First Bernie Sanders and then Alexandria Ocasio Cortez were portrayed in this way by two different outlets within a week, the former for using charter planes while campaigning and the latter for using car services like Uber for the same reason..

The attack against Sanders was led by some veterans of the 2016 Hillary Clinton campaign, who oddly complained about his use of charters in campaigning for their own candidate, often in far flung places where flying commercial was not an option..

Shortly after the Politico piece on Sanders’ air travel, the New York Post took up the baton to make an even more ridiculous attack on Alexandria Ocasio-Cortez, who appeared with Sunrise activists during their November occupation of House Speaker Nancy Pelosi’s D.C. office.

After going through AOC’s campaign’s use of the car services (not for the record, her personal use of the services but her entire campaign’s), arguing that there was a subway stop nearby and going on to criticize her use of air travel in campaigning for others, the Post went on to opine about the fact that the 29 year old Congresswoman seems to throw out rather than compost the skin of a sweet potato in a February 24th Instagram video.

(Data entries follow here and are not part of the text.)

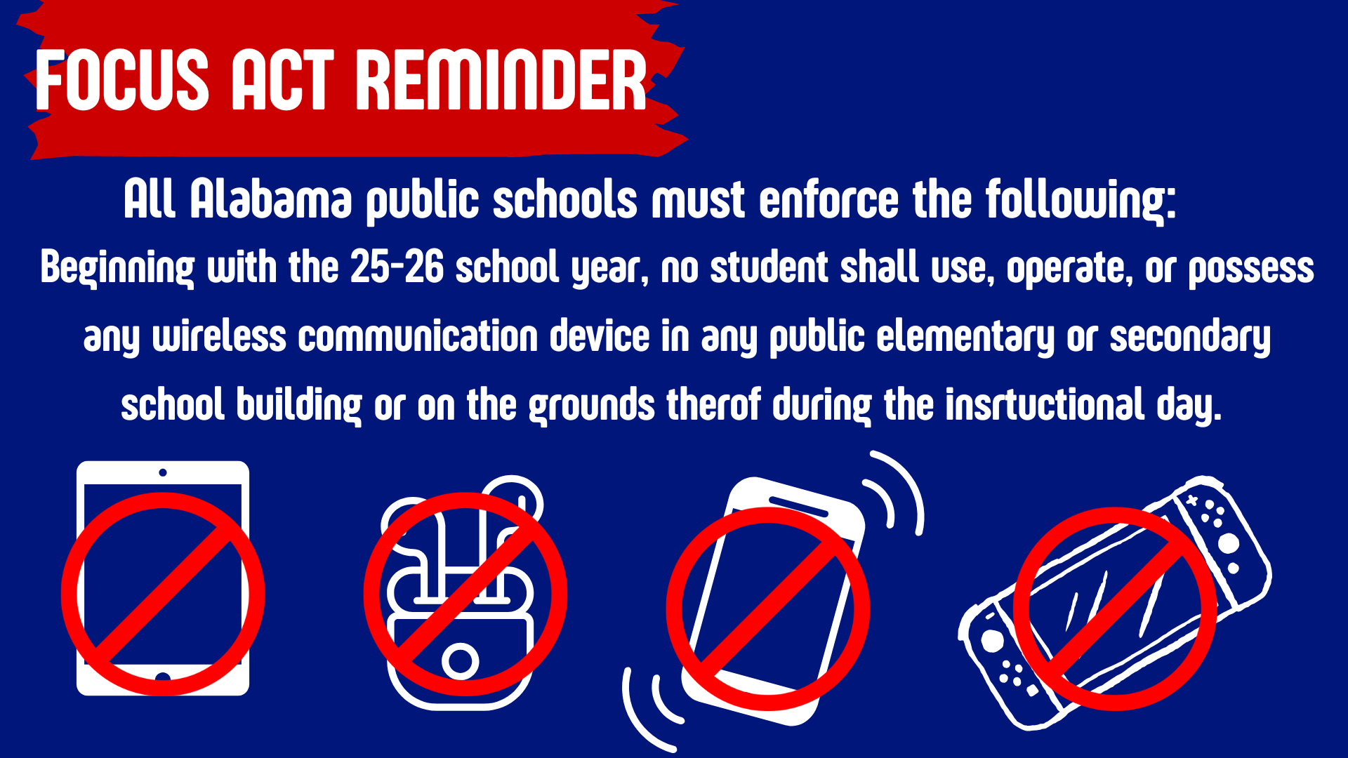 Cellphones: According to the FOCUS ACT, students are not allowed to have cell phones, smart watches, headphones, earbuds, and Meta glasses during the school day. They should be stored in their locker or left in their vehicle.
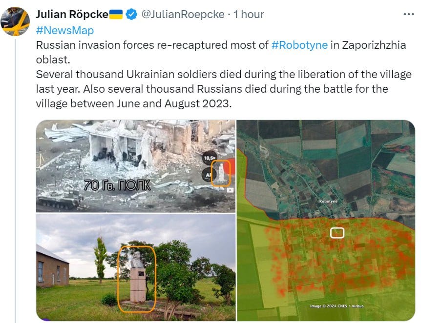 There is a feeling that they are now going on the offensive. The loss of Avdeevka (https://t.me/IntelRepublic/34184) was important. This creates an opportunity for the Russians to push the front line further east - Gates reiterates.
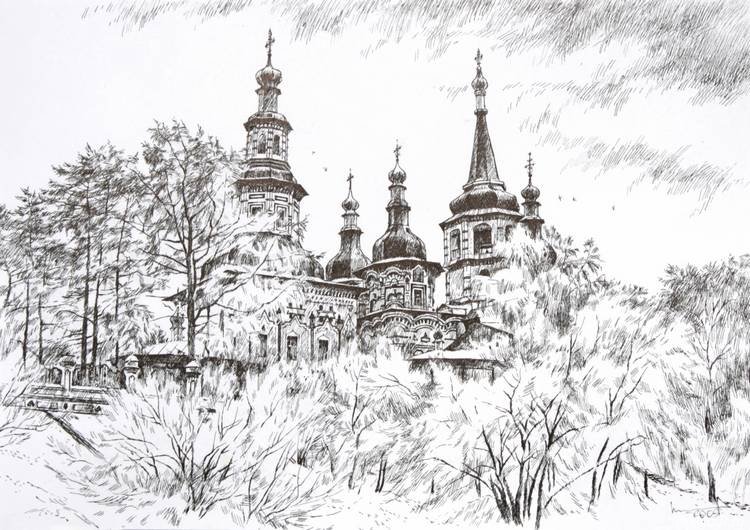 ![Церковь карандашом]()
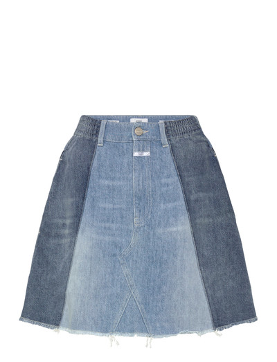 Featuring a patchwork design, this denim skirt offers a unique and stylish look. The garment is crafted with a comfortable elastic waistband and a subtly frayed hem, adding a touch of casual flair.
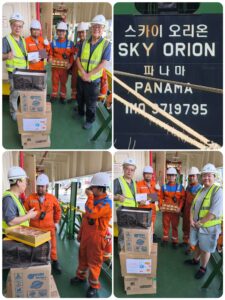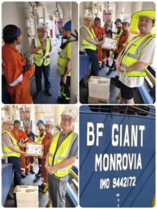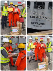 To celebrate the 2025 Mid-Autumn Festival, the Hong Kong International Seafarer Services Centre (HKISSC)—established by the Merchant Navy Officers’ Guild – Hong Kong and the Amalgamated Union of Seafarers, Hong Kong—successfully carried out a crew visit campaign for international seafarers arriving in Hong Kong. The initiative ran from September 1 to October 3, with generous support from Stella Maris and various shipping companies.
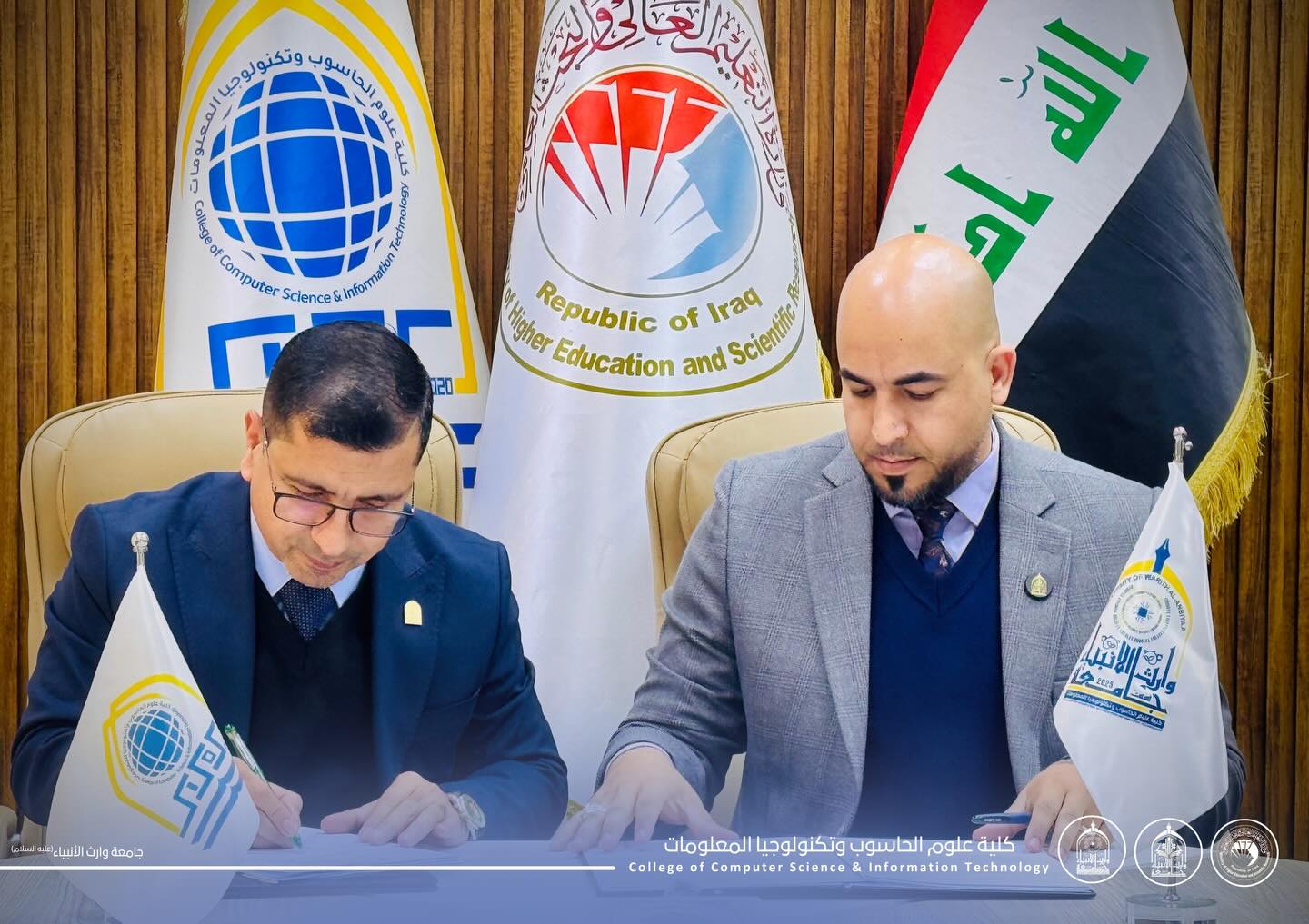 As part of strengthening academic cooperation and the exchange of scientific expertise, Assistant Professor Dr. Haider Mohammed Ali Al-Ghanmi, Dean of the College of Computer Science and Information Technology at the University of Warith Al-Anbiyaa (peace be upon him), signed a scientific twinning agreement with Assistant Professor Dr. Muwaffaq Kazem Al-Hassnawi, Dean of the College of Computer Science and Information Technology at the University of Karbala.
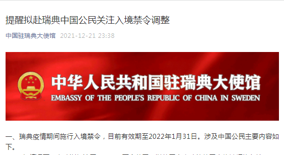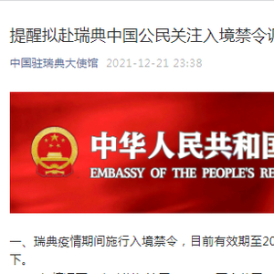 12月21日晚间,中国驻瑞典大使馆发布消息,提醒拟赴瑞典中国公民关注入境禁令调整。
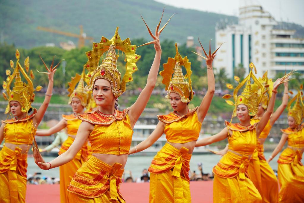 4月13日,在西雙版納傣族自治州景洪市,演員在傣歷新年節(2025年潑水節)慶祝大會上表演。新華社記者 高詠薇 攝
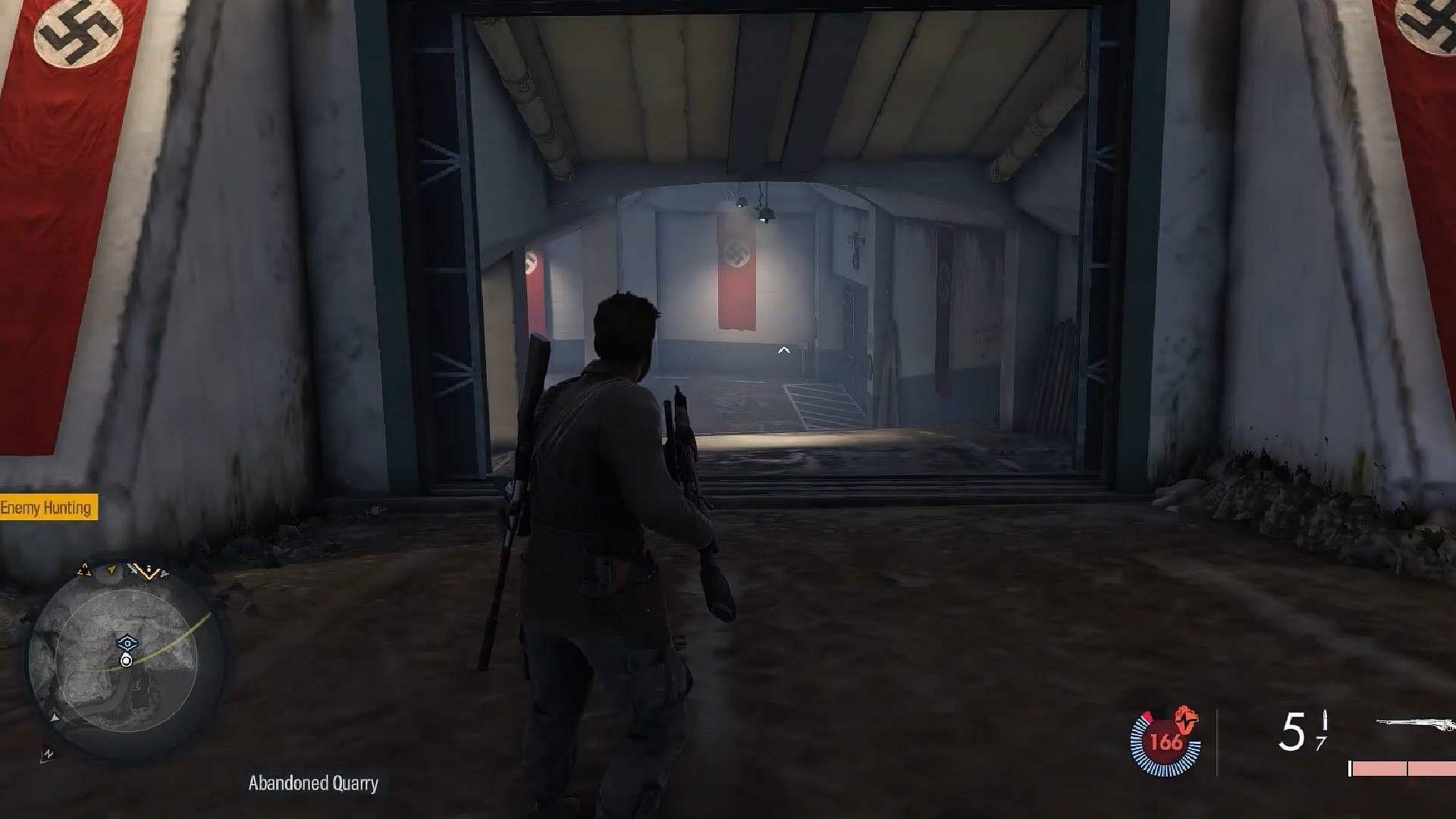 Travel to the northern part of the map until you reach the factory's main entrance, identifiable by the Nazi symbol. This location is close to your objective, and you can follow the yellow objective marker to reach it. Once there, find a small door and a staircase.
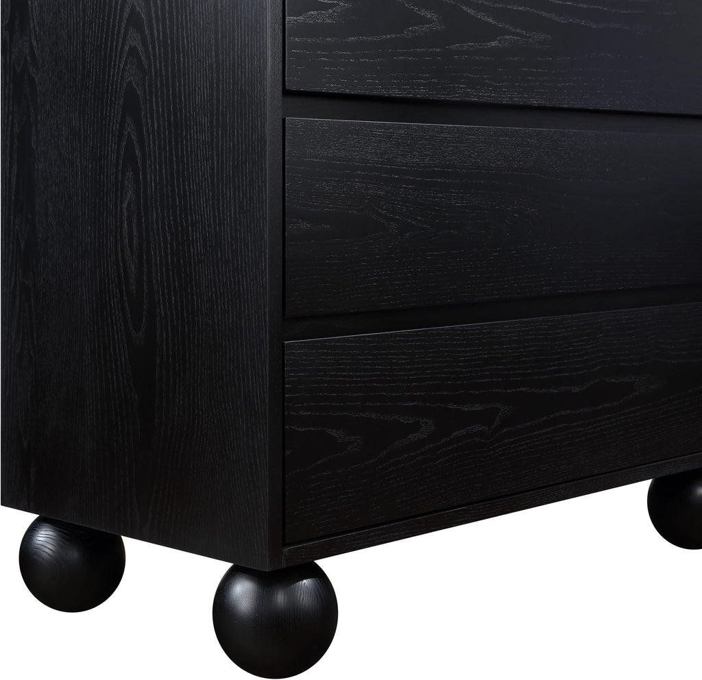 Revamp your bedroom with the sleek design of the Kent Chest. Crafted from solid ash wood and finished in a rich, deep hue, this chest features clean lines and a minimalist design that is sure to impress. The ball-shaped legs add a touch of luxury and elegance, creating a truly timeless look that will enhance any living space. Whether you're looking for a stylish storage solution for your bedroom or a statement piece for your living room, the Kent Black Chest is the perfect choice.
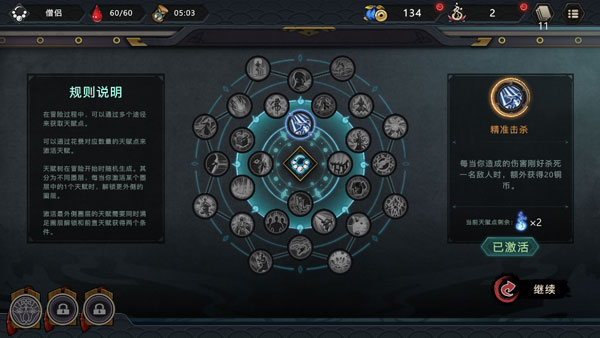 每局游戏的天赋盘,均由一半随机职业天赋和一半通用天赋构成。僧侣对天赋的需求不算高,在游戏开始前,刷出通用天赋“精准击杀”即可,该天赋对四个职业都颇为重要,能让你实现无限出牌的操作。不过,也有几个职业天赋对通关助力极大,在此简单给大家介绍一下,要是碰到了,尽量点选。

First, while it’s commendable for individuals to make changes in their own lives to address the climate crisis like eating less (or no) meat and avoiding air travel when possible, this will make little difference if industries, large national armies and fossil fuel billionaires continue on their current course. It is precisely this focus on individual consumption rather than the real polluters that has made progress on this issue so slow.

Second, AOC, Sanders and other progressives are among the few voices in American politics and media actually talking about this issue and will need to travel in order to make their cases in person to the citizenry. The issue literally demands they have higher carbon footprints then most people to effectuate massive changes like the proposed Green New Deal.

In the meantime, with the encouragement of leaders like AOC, what is arguably the largest youth movement since the 1960s is taking shape to finally put the climate crisis front and center in U.S. politics; rather than Millenials or Generation Z, if they’re are successful we might just come to call these and other activist youth throughout the world the Sunrise generation.